Photo: Steffen / Flickr
Skype's developers have just posted a fascinating explanation for last week's massive service disruption, in which millions of people were unable to log in to the popular Internet phone service for more than a day.
On the company's network-status blog, Skype explains that contrary to many rumors, it wasn't terrorists or hackers or other nefarious types who caused the system to go down. It was us: me and you and everyone else who loves Skype. More or less at the same time, last week, a huge number of us restarted our computers -- and all those simultaneous Skype login requests triggered a previously unknown bug in the software that "prompted a chain reaction that had a critical impact," Skype says.
But wait a minute -- why did everyone restart their machines at the same time? Because Microsoft put out some updates for Windows last week; people rebooted after installing the patches. The Windows updates were routine, and there was nothing in the updates that interfered with Skype -- it was merely that the patch caused folks to log out and then log in to Skype.
Skype operates on a peer-to-peer network. On such networks, data isn't sent through a central server, but is instead routed through many network nodes; peer-to-peer networks are hailed for stability, because they contain few critical locations whose failure could cause the whole network to come down.

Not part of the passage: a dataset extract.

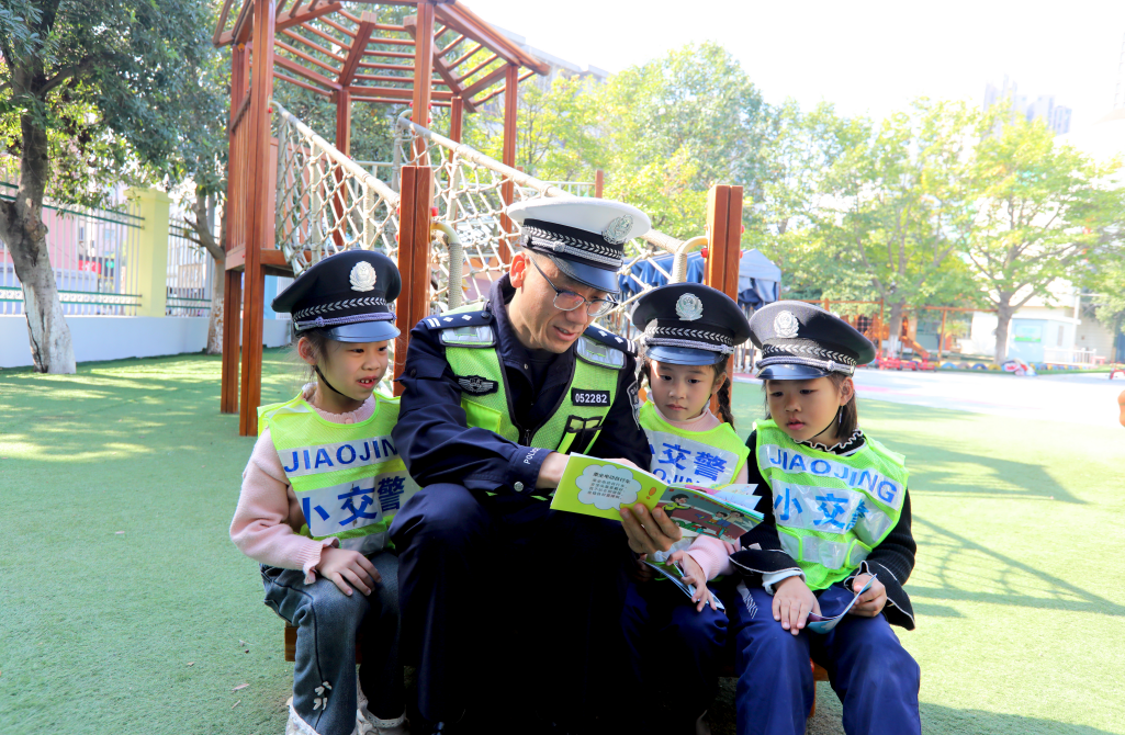 圖為12月1日,民警在分宜縣中心幼兒園向小朋友講解交通安全知識(shí)。

This outage, though, highlights an intriguing vulnerability in such networks: social behavior. A peer-to-peer network is nothing, after all, if a huge number of peers suddenly quit the system at the same time -- and who can predict when that'll happen?
Well, maybe you say that Skype should have predicted this; after all, Windows updates aren't unusual. The bug uncovered in last week's outage has apparently been lying dormant in the software for more than four years -- shouldn't someone have spotted it by now?

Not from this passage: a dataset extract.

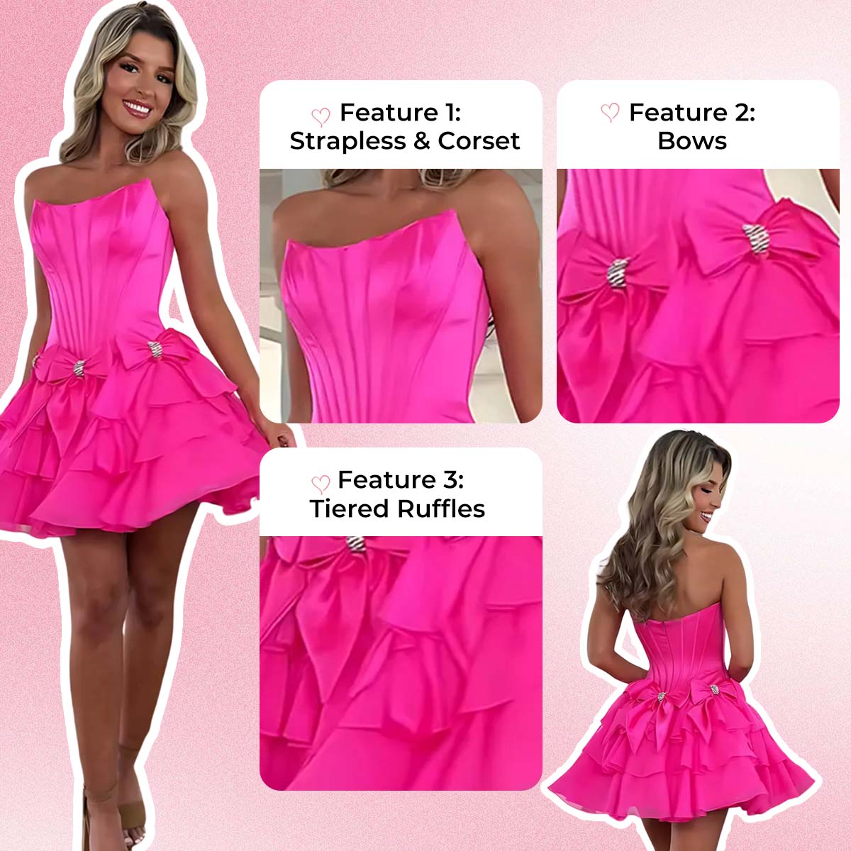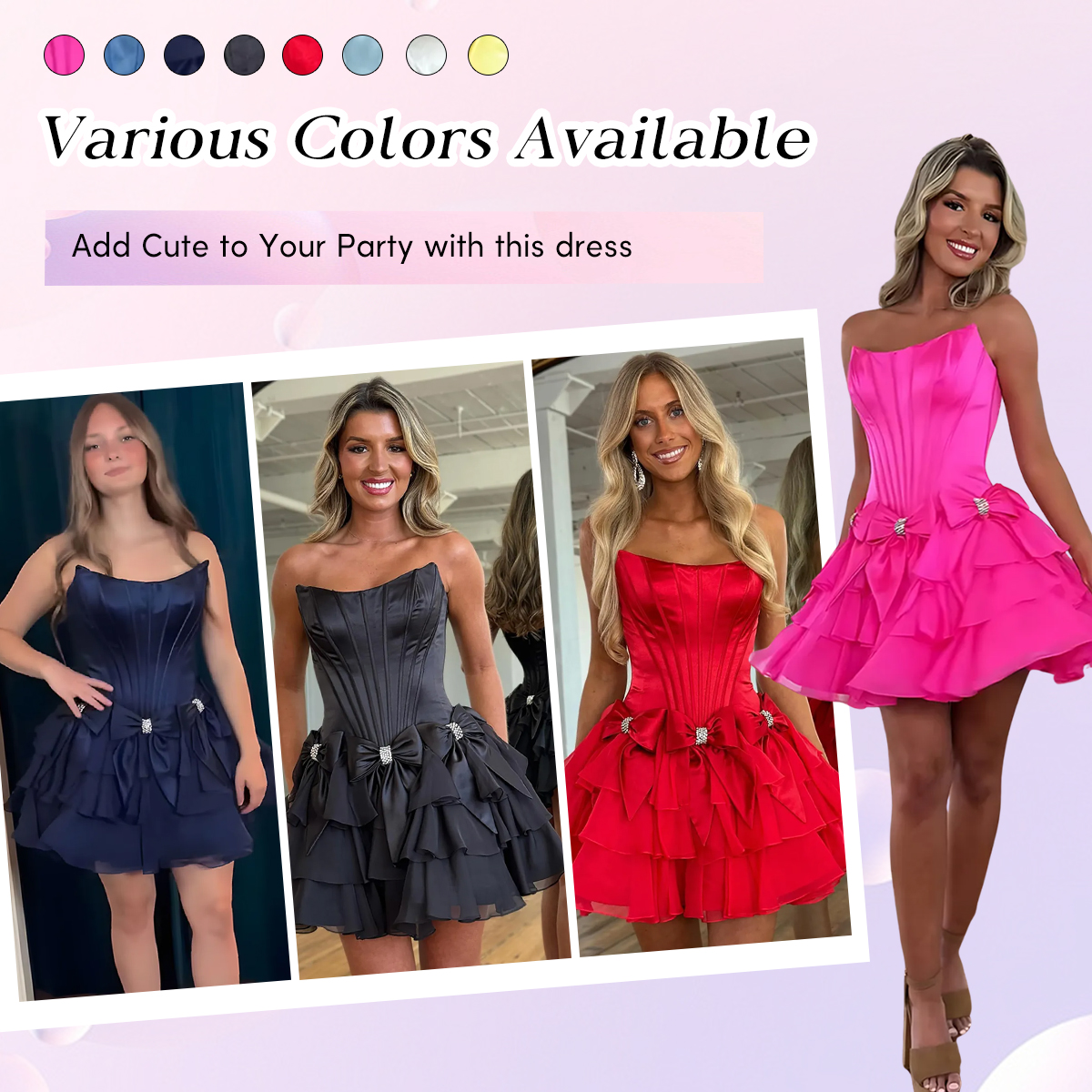 Feature: Step into a dreamy, fairy-tale moment with this elegant strapless A-line mini dress, expertly crafted from luxurious satin and delicate tulle for a luminous sheen and airy texture. Designed to radiate playful charm and bold femininity, it features a structured corset bodice that sculpts your waist, a flattering strapless neckline, and a voluminous ruffled skirt adorned with charming oversized bows and delicate details. The playful drop waist flows into a twirl-ready silhouette, while the soft, breathable lining and zipper-up back ensure all-day comfort and a perfect fit. Whether it’s homecoming, a birthday soiree, a glamorous gala, or a romantic wedding celebration, this dress blends whimsical elegance with confident style—making you sparkle with every movement and ensuring all eyes are on you as you create unforgettable memories.

But this is a classic peak-load problem. Tens of millions of people logging in at the same time is a very rare thing, and it's unreasonable to expect any network to handle that well. I'd venture it's also bad management to spend engineering resources planning for such an unusual problem rather than what happens during ordinary use. Perhaps Skype could have run simulations to test the system in the event of a flood of login requests -- and, who knows, maybe they did, and missed this bug still.
And that's in the nature of bugs; through use and testing, we clean them out, but there are many others lying in wait. Skype has had four years of pretty good service. This outage, it says, "was unprecedented in terms of its impact and scope."
The company says it will put out "a number of improvements to its software to ensure that our users will not be similarly affected in the unlikely possibility of this combination of events recurring." That's good. Just don't expect perfection.